Subprocess. Integrate C code into the implementation (eg with GCC or GCC build tools or virtual This is easy to set up and shows great speed compared to pure Python.
ctypes.You use Ctypes which allow Python directly and call functions from their shared libraries without needing to write a complete Python Extension module. This makes it much easier and faster to compile critical C code to run in Python, avoiding looking at external processes while still keeping your code in Python.
Python C Extensions . Write a full Python extension in C using the CHYthon API (Python.h). This requires a lot of setup but provides faster performance and more integration, allowing you to call C functions as if they were Python functions.
The benchmarks show that the levennein algorithm has been implemented more than 100 × very quickly rather than pure Python. While the external library is like It's politeExcels Vectorised Numbers that work, it does not greatly improve the performance of sequential algorithms such as levenhtein, making C integration a better choice in these cases.

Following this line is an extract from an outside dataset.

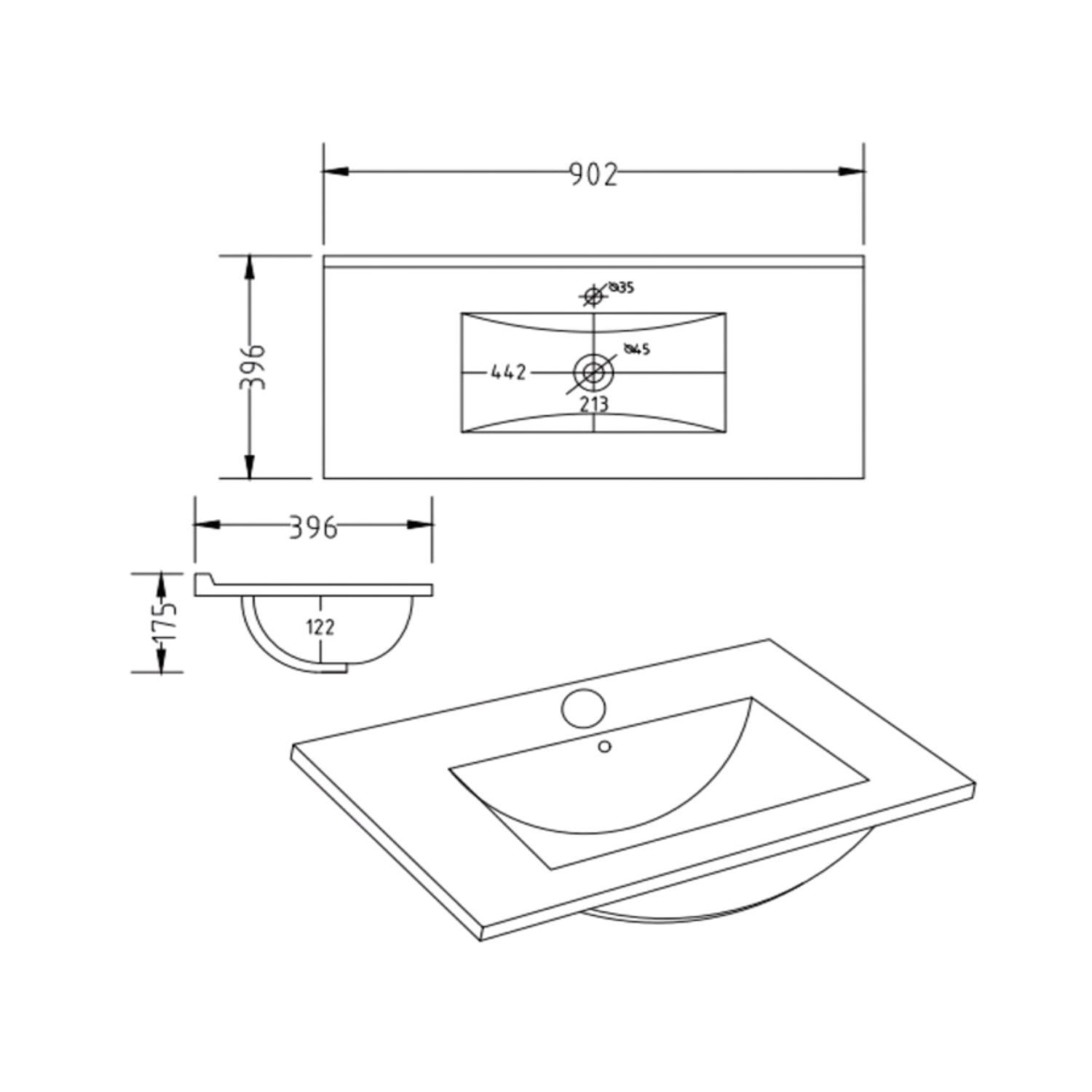 - Overall Basin Vanity Dimensions (including basin): H882mm x W902mm x D396mm

If you're hitting performance limits in Python, heavy-loading in C can provide significant speed improvements and is worth considering. You can start simple with a subprocess, then move to ctypes or full C extensions for harder integration and better performance.
I have described only the three most popular ways to compile C code with Python, but there are a few other ways that I recommend you read if you are reading this article if you like this article if you like this article if you like this article if you like this article if you like this article.